Work required - No picture belongs in the answer, which must hold exactly the lines from the one with "- Telefónica confirms" through the final line below.

Data supplied -
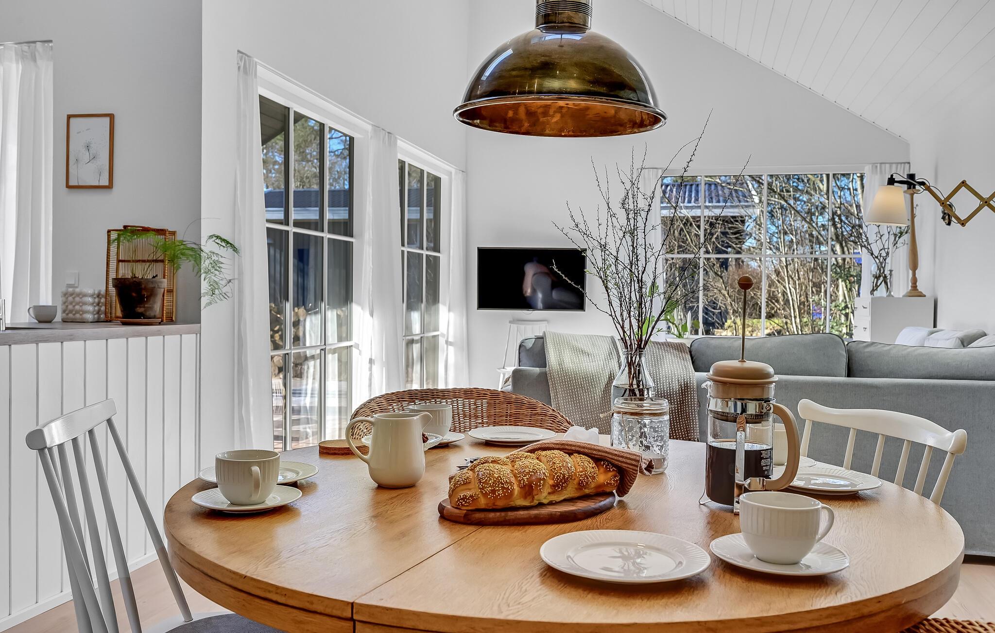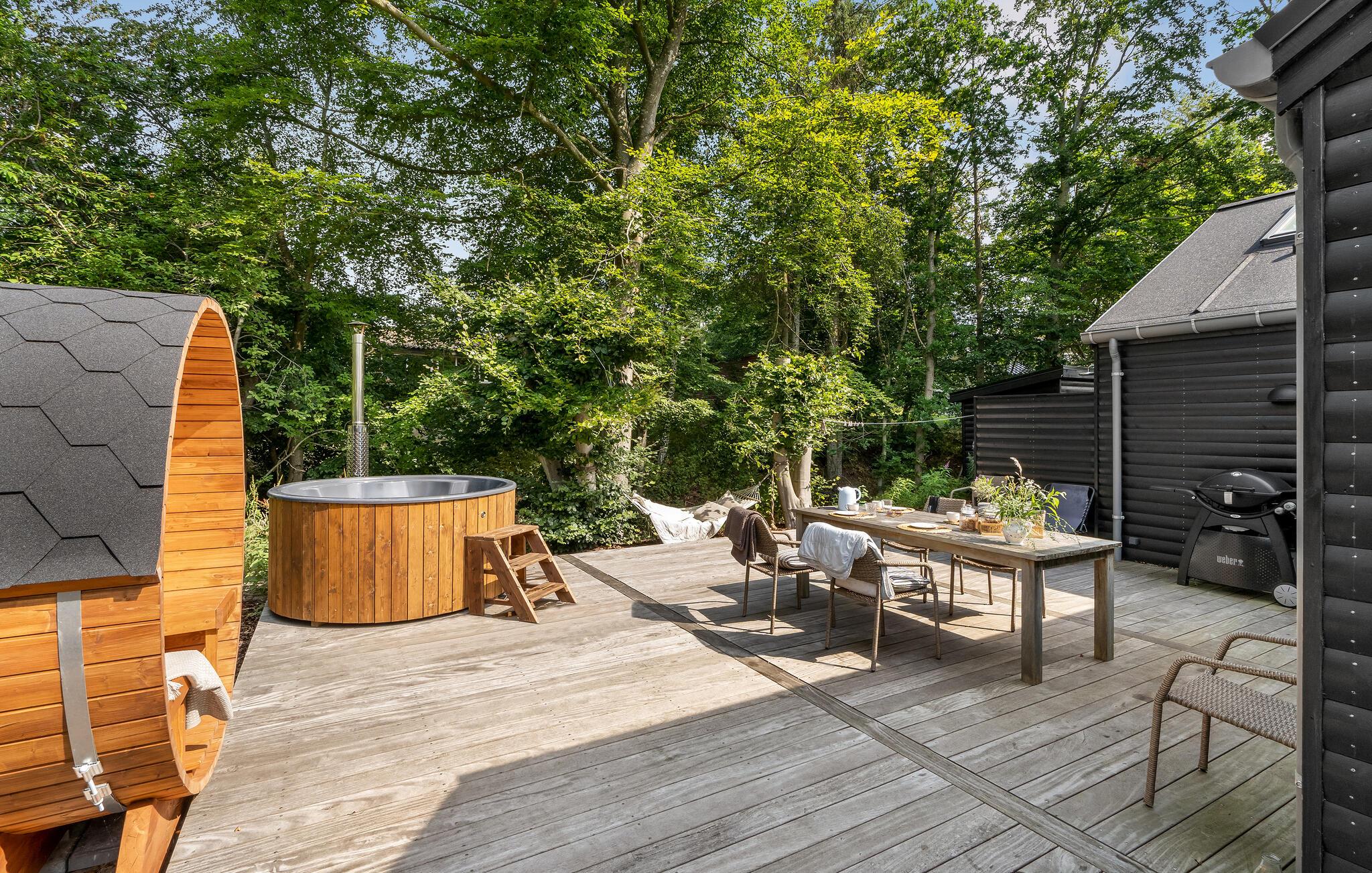 Dette flotte, moderne feriehus er komfortabelt indrettet og byder på mange hyggekroge. Den åbne terrasse med havemøbler og grill er det perfekte sted at nyde morgenmaden og holde hyggelige grillaftener. Det finske vildmarksbad og den udendørs sauna indbyder til rendyrket ferieafslapning.
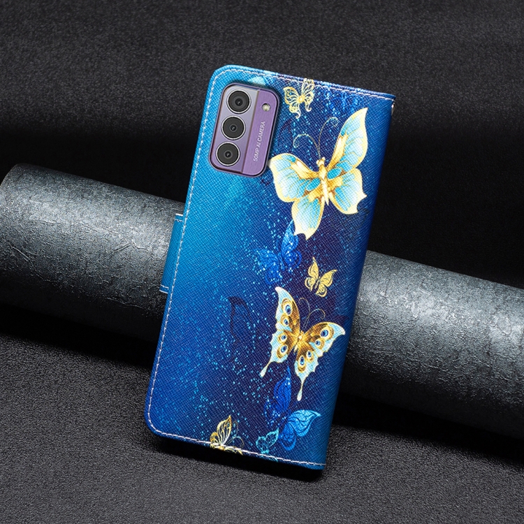 Estuche para Teléfono Nokia G42/G310 de Cuero con Dibujo Coloreado (Mariposa Dorada)
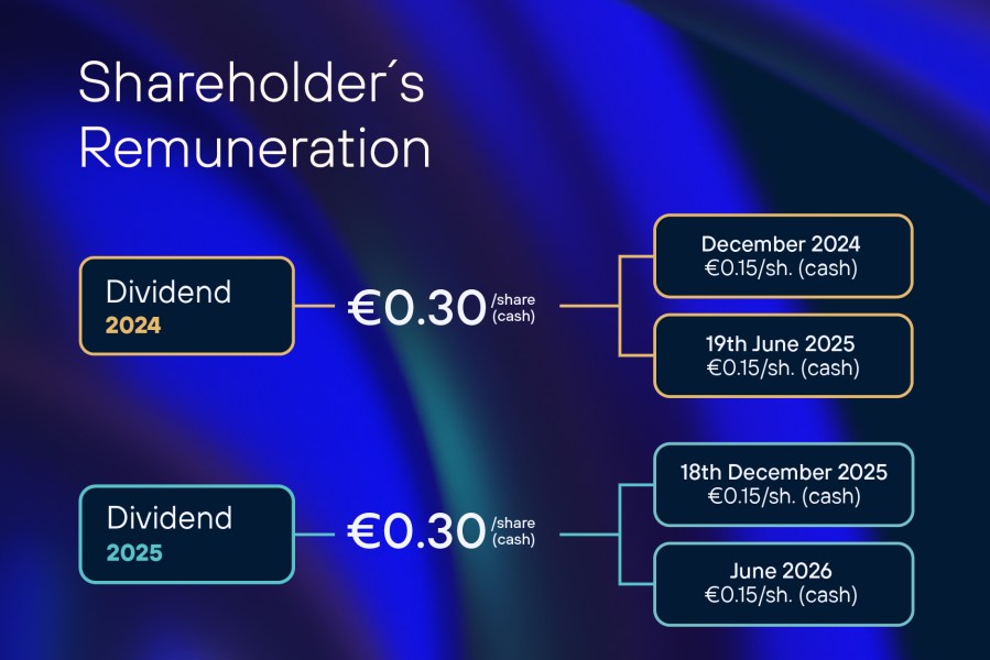 - Telefónica confirms a cash dividend of €0.30 per share for 2025, payable in two tranches: the first next December (€0.15) and the second in June 2026 (€0.15). Also, the second tranche of the dividend for 2024, also of €0.15 per share in cash, will be distributed on 19 June.
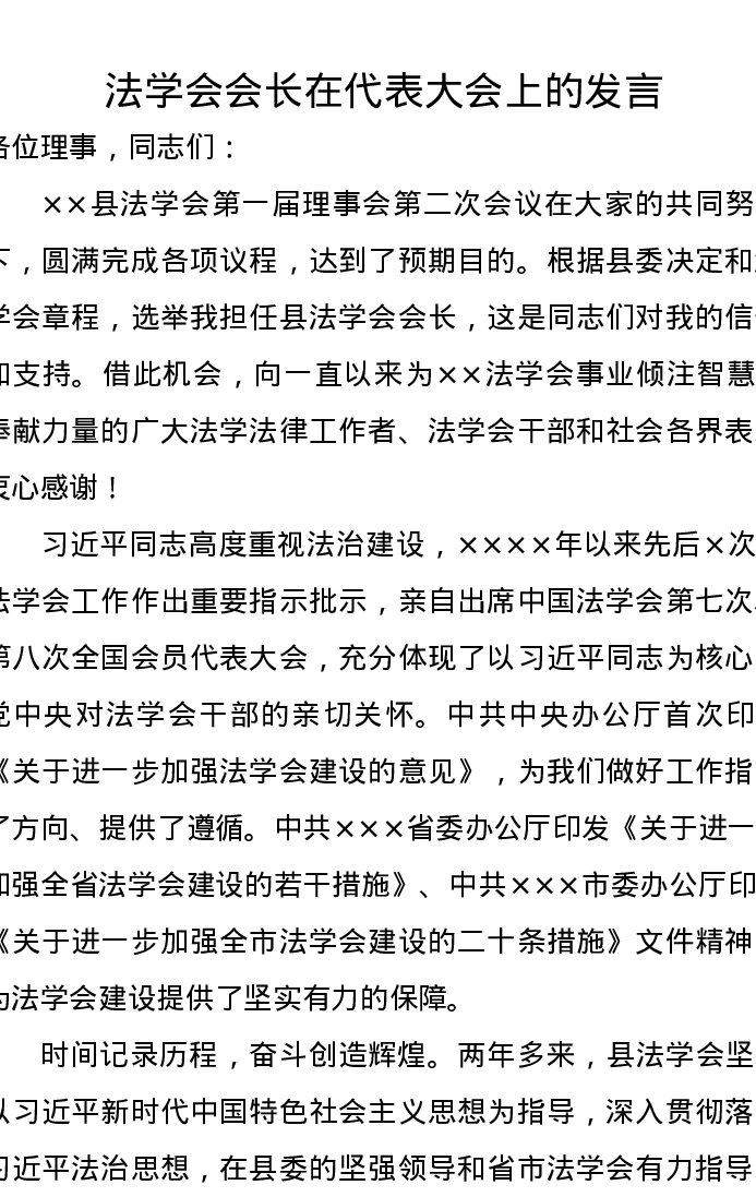 法学会会长在代表大会上的发言
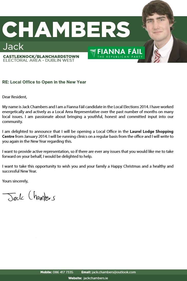 Leaflet from Jack Chambers re the reopening of Brian Lenihan’s constituency office- Fianna Fail-Castleknock/Blanchardstown » jchambersoffice
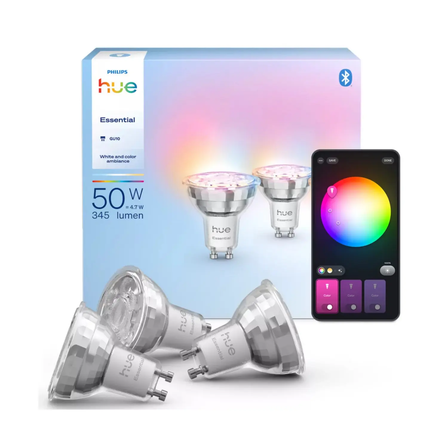 Philips Hue GU10 3 pack med Essential färger och vitt ljus. 345lm, 2200K till 6500 K, 90° spridning och dimbar ned till 2 procent. Bluetooth och Zigbee för enkel installation, röststyrning med Alexa och Google Assistant samt HomeKit via Hue Bridge.
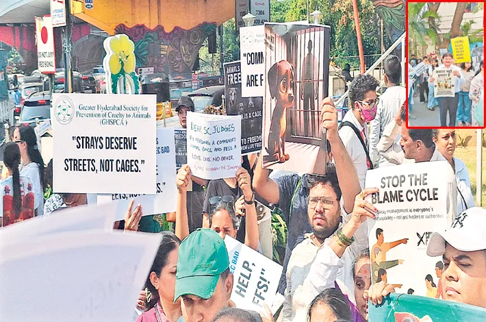 The demonstration came after GHMC intensified dog-lifting operations following the Supreme Court’s November 7 order. Animal-welfare groups, including PFA, said the order is being misapplied, stressing that it covers only dogs found inside institutional premises and not community dogs living in residential areas or public spaces. They warned that such removals violate the Animal Birth Control (ABC) guidelines, which require sterilised and vaccinated dogs to be returned to their original locations.
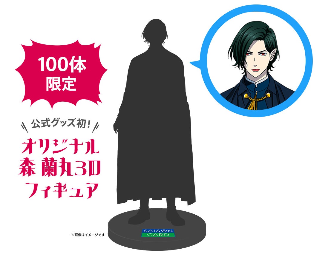 新規カードご入会およびご利用で、公式グッズで初となる「森 蘭丸」のオリジナル3Dフィギュアやカード券面型ステッカーを抽選でプレゼントいたします。

Written solution -
 - Telefónica confirms a cash dividend of €0.30 per share for 2025, payable in two tranches: the first next December (€0.15) and the second in June 2026 (€0.15). Also, the second tranche of the dividend for 2024, also of €0.15 per share in cash, will be distributed on 19 June.
 法学会会长在代表大会上的发言
 Leaflet from Jack Chambers re the reopening of Brian Lenihan’s constituency office- Fianna Fail-Castleknock/Blanchardstown » jchambersoffice
 Philips Hue GU10 3 pack med Essential färger och vitt ljus. 345lm, 2200K till 6500 K, 90° spridning och dimbar ned till 2 procent. Bluetooth och Zigbee för enkel installation, röststyrning med Alexa och Google Assistant samt HomeKit via Hue Bridge.
 The demonstration came after GHMC intensified dog-lifting operations following the Supreme Court’s November 7 order. Animal-welfare groups, including PFA, said the order is being misapplied, stressing that it covers only dogs found inside institutional premises and not community dogs living in residential areas or public spaces. They warned that such removals violate the Animal Birth Control (ABC) guidelines, which require sterilised and vaccinated dogs to be returned to their original locations.
 新規カードご入会およびご利用で、公式グッズで初となる「森 蘭丸」のオリジナル3Dフィギュアやカード券面型ステッカーを抽選でプレゼントいたします。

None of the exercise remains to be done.